Jonathan Diamandis
Testimony Impact
Jonathan Diamandis is a Canton-area man who has known Michael Proctor since middle school — a friendship of roughly 30 years. He was called by the defense in Trial 2 to authenticate a group text chain among Proctor and childhood friends, a chain containing messages in which Proctor expressed bias toward Karen Read from the earliest days of the investigation. Diamandis's testimony spanned voir dire and a full jury appearance across Days 24 and 25, covering the text chain's authenticity, its participants, and the content Proctor shared through it.
Notable Quotes From The Record
“I've known him since middle school, probably the sixth grade. Grew up with him essentially. Been friends for 30 years.”
Establishes the long personal friendship between Diamandis and Proctor, giving him standing to authenticate the text chain.
“Michael Proctor.”
Identifies 'local user' in the text records as Proctor, linking the extracted phone data to the lead investigator.
“I believe this to be a record of our text chain for this period of time.”
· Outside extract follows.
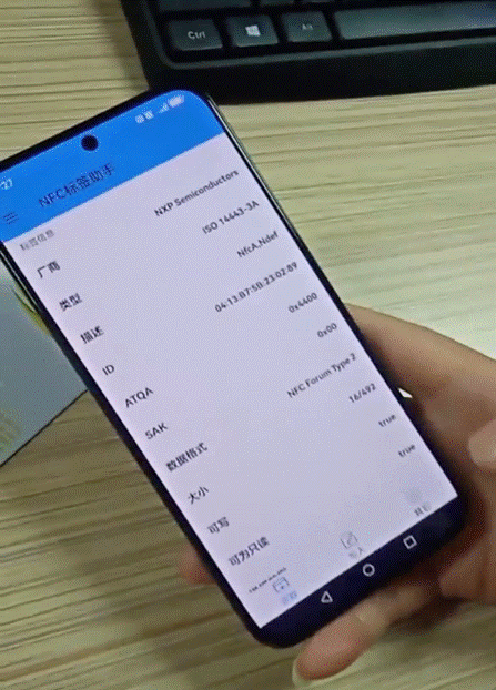 记者询问如何数据截图,该买家向记者发来了一段相关视频。据该视频显示,只需用具备NFC功能的手机,打开NFC应用,将门禁卡原始卡贴近手机,就能显示出相关数据信息,包含厂商、类型、ID、数据格式等。卖家介绍,卡片无所谓样式,“里面的芯片都一样”。

Key authentication testimony — confirms the document is a complete and accurate record of the group conversation.
“I do not have a memory of this happening.”
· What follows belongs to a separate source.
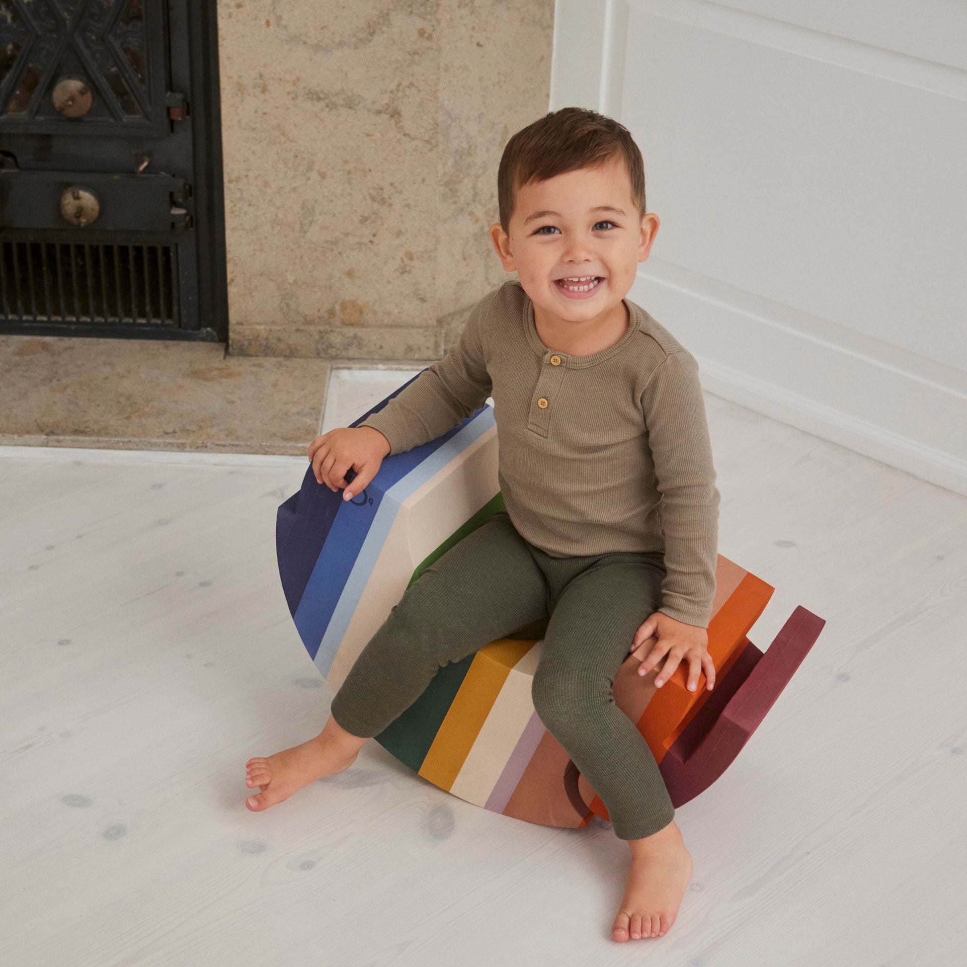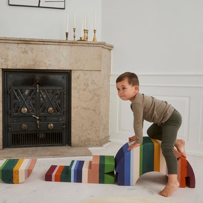 Den bløde, skridsikre overflade i EVA-skum gør Elefanten tryg at lege på og skånsom mod gulvet. Farvekombinationen Mountain tilfører et harmonisk og tidløst udtryk, der passer smukt ind i både børneværelse og stue.

Prosecution elicits that Diamandis has no independent recollection of the conversations, potentially undermining the weight of his authentication.
“It's one that's been in existence for many years. We've been texting on that text chain for 10 plus years, I would suggest.”
Establishes the text chain as a longstanding group communication, not something created around the investigation.
“He's listed as local user.”
Key authentication point identifying Michael Proctor as the author of the 'local user' messages in the text records.
“Chip and Bear.”
Identifies Proctor's nicknames, which may appear in the text chain and help the jury follow who is speaking.
“That's another animal we won't be able to prove. The next one: they arrived at the house together, got into an argument, she was driving, and left.”
Reading Proctor's early case theory from his texts, showing Proctor had already formed a narrative about what happened within days of the incident.
“These are not my words. I'm not really comfortable reading these. Do I have to say these words out loud?”
Diamandis's visible discomfort reinforced that even Proctor's own friends found the texts objectionable, while also distancing him from the content.
“Absolutely not.”
Diamandis's emphatic denial when asked whether Proctor ever suggested framing a defendant or planting evidence — the core point of Brennan's cross.
“I didn't know anything about this case at all.”
Confirms the information flow was one-directional — Proctor leaking to friends who had no other source
“My understanding was it was due to the text messages. I don't know the other details of the situation.”
Diamandis's limited knowledge cuts both ways — he cannot confirm the defense's broader misconduct narrative but also cannot rule it out.
Key Moments
- During voir dire on Day 24, Diamandis identified 'local user' in the extracted phone records as Michael Proctor, providing the direct link between the text messages and the lead investigator in the case.
- Diamandis confirmed he believed the document to be a complete and accurate record of the group text chain — key authentication testimony — while also acknowledging he had no independent memory of the specific conversations, a concession the prosecution elicited.
- An admissibility hearing followed Diamandis's voir dire, during which Yannetti read aloud Proctor's texts about Karen Read — including 'We're going to pin it on the girl' — to argue that the messages demonstrated investigator bias from the very start of the investigation; Brennan conceded the texts showed bias but argued the defense should confront Proctor directly.
- Before the jury on Day 25, Diamandis authenticated the full nine-person group text chain — 38,777 messages spanning more than a decade — and identified phone numbers and nicknames for each participant, establishing the chain as a long-standing communication among friends rather than something created around the investigation.
- On cross-examination, Brennan walked Diamandis through the offensive texts but then established that in all those messages, Proctor never discussed planting evidence, framing a defendant, or tampering with the investigation — a point the prosecution used to limit the inference the jury could draw from the texts.